● Action item
Output, exactly as written, the lines below from the one that has "23 Nisan Ulusal" through the one that has "Ochirly Ochily осенняя"; nothing else, and no pictures.

** Supplied entries follows **

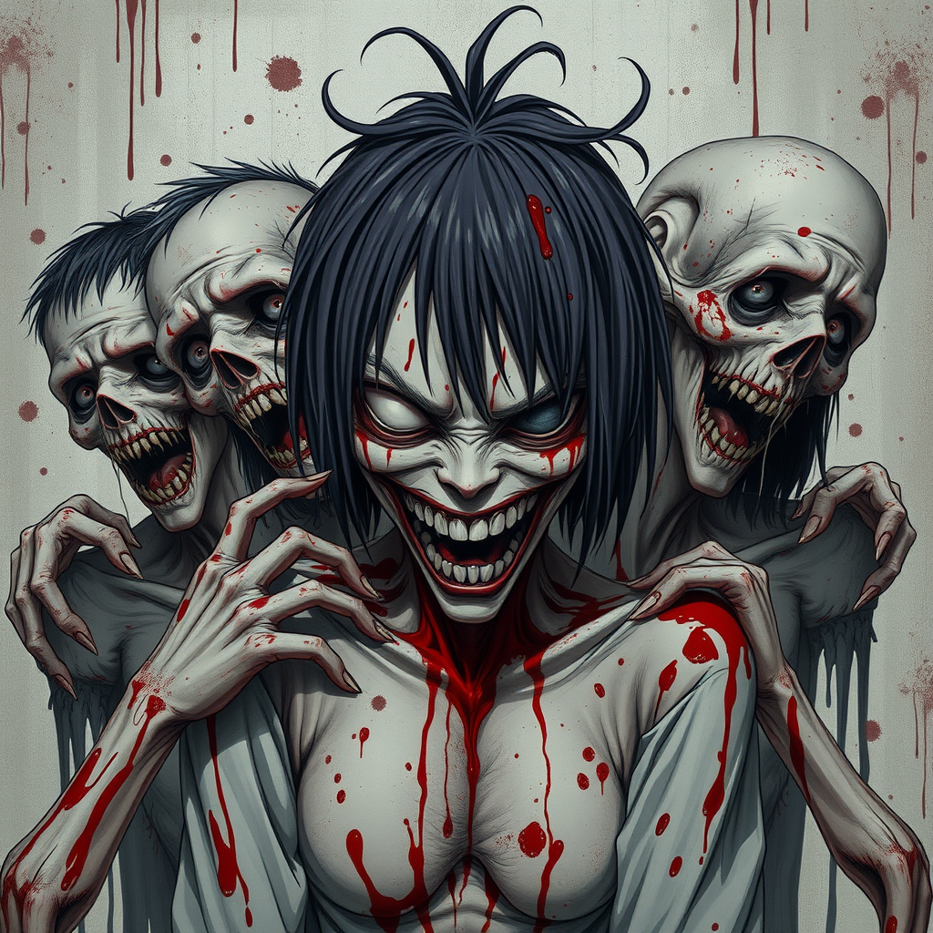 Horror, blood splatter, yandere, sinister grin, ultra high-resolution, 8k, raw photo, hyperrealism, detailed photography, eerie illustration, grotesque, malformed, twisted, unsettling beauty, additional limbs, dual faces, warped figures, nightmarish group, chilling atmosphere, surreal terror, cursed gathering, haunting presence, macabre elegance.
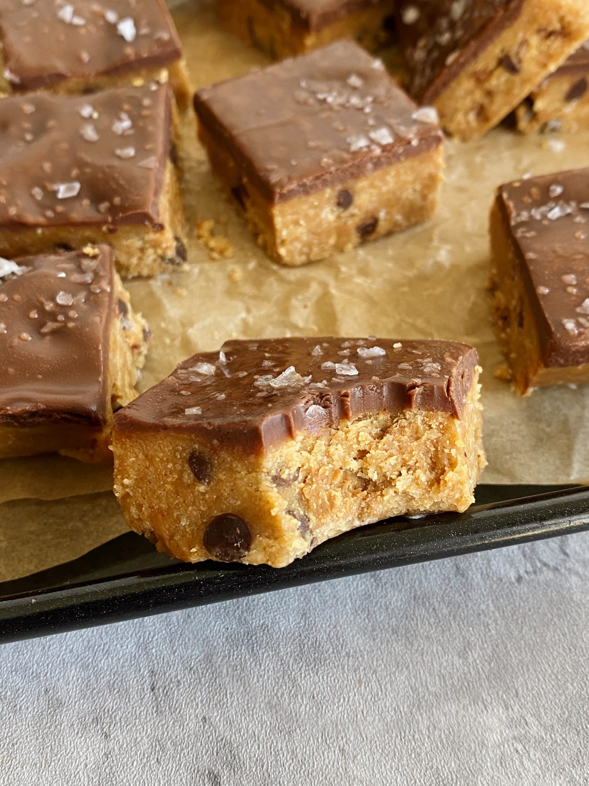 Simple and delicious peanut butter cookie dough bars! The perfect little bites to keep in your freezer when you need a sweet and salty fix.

** End of Supplied entries **
** Supplied entries follows **

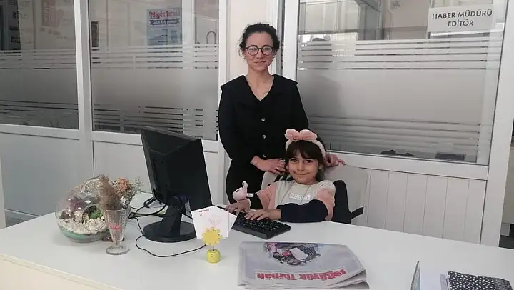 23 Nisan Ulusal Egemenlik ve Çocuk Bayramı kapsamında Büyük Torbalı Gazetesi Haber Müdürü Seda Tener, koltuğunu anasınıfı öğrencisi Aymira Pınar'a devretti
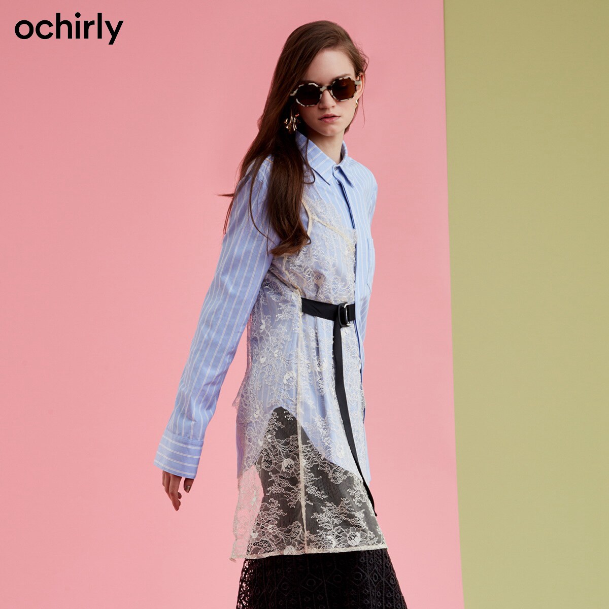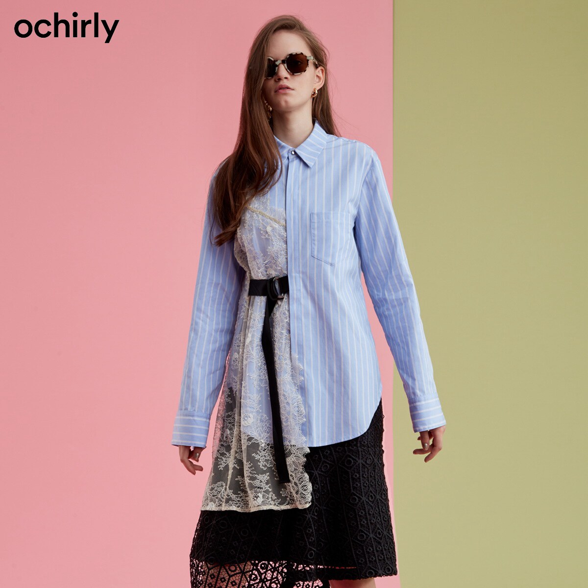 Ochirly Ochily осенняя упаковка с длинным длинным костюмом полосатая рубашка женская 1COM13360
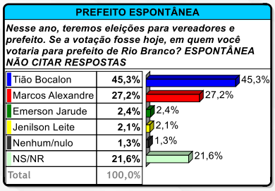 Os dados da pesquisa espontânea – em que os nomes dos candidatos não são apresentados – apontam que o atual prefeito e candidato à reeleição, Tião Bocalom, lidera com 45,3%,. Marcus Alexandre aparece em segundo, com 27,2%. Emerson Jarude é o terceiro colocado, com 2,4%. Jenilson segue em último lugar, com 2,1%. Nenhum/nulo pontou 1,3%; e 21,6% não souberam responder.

** End of Supplied entries **

● Reply
 23 Nisan Ulusal Egemenlik ve Çocuk Bayramı kapsamında Büyük Torbalı Gazetesi Haber Müdürü Seda Tener, koltuğunu anasınıfı öğrencisi Aymira Pınar'a devretti
 Ochirly Ochily осенняя упаковка с длинным длинным костюмом полосатая рубашка женская 1COM13360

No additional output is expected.